Setting Up Rate Plans
Your company’s pricing manager creates a rate plan as a new customizable product and associates a class with it that defines its attributes. For this customizable product, she wants Payment Type to be the attribute of the parent rate plan so that the attribute is inherited by its subcomponents. She then creates another product as a subcomponent to represent the different usage types and associates it with the same class.
Next, the pricing manager sets up tier pricing for the class, specifying different tiered rates for different attribute combinations. She sets up a price list for her company and for each of the competitors. She adds both the root product and subcomponents as price list items. She associates the tier pricing with the subcomponents.
A month later, the pricing manager receives the latest publication of residential rates for a major competitor, so she updates her data with the most current information for each rate for that competitor.

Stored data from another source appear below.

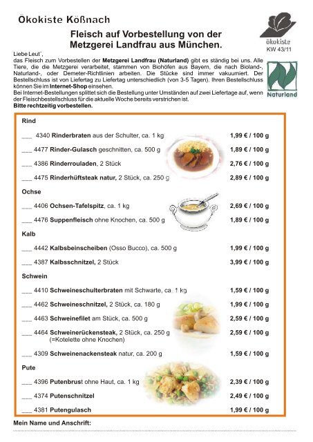 Fleisch Auf Vorbestellung Von Der Metzgerei Landfrau Aus Munchen
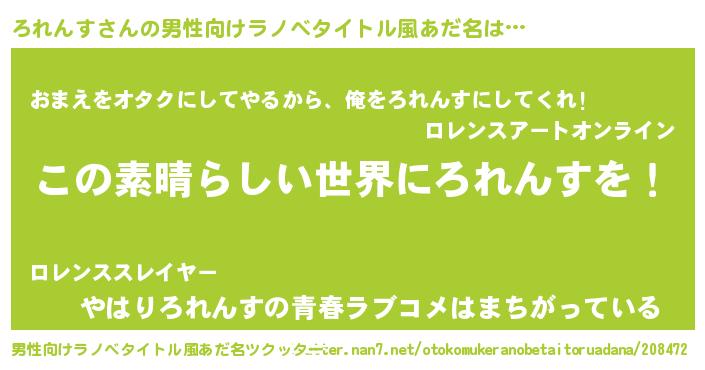 | 女子向けラノベタイトル風あだ名 | 『乙女ゲームの破滅フラグしかない悪役ろれんすに転生してしまった…』 |
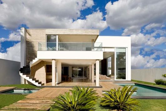 O telhado combinado com as cores utilizadas na fachada dessa casa, deixou o visual leve e clean.

Next, she realizes that the competitor has introduced a new rate plan into the market. Because her company does not have an equivalent rate, she creates a new rate product for the competitor’s plan and adds it to the competitor's price list.

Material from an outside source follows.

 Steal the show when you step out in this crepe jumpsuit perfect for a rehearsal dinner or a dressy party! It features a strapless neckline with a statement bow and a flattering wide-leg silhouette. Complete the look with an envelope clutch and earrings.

She can then also model the relevant pricing structure. When a customer service representative or a prospective customer chooses this rate, the comparison reports that there is no equivalent or like-for-like rate plans and returns only those rate plans that match the attributes of the competitor's product or service.
The next rate on her market intelligence gathering list is from a new competitor and therefore not in the database. She sets up a new price list for that competitor, and adds the existing equivalent rate products. She also notes that the rate is offered only within the city limits of Richardson, so she creates a rate structure for which the Region attribute has a value of Richardson.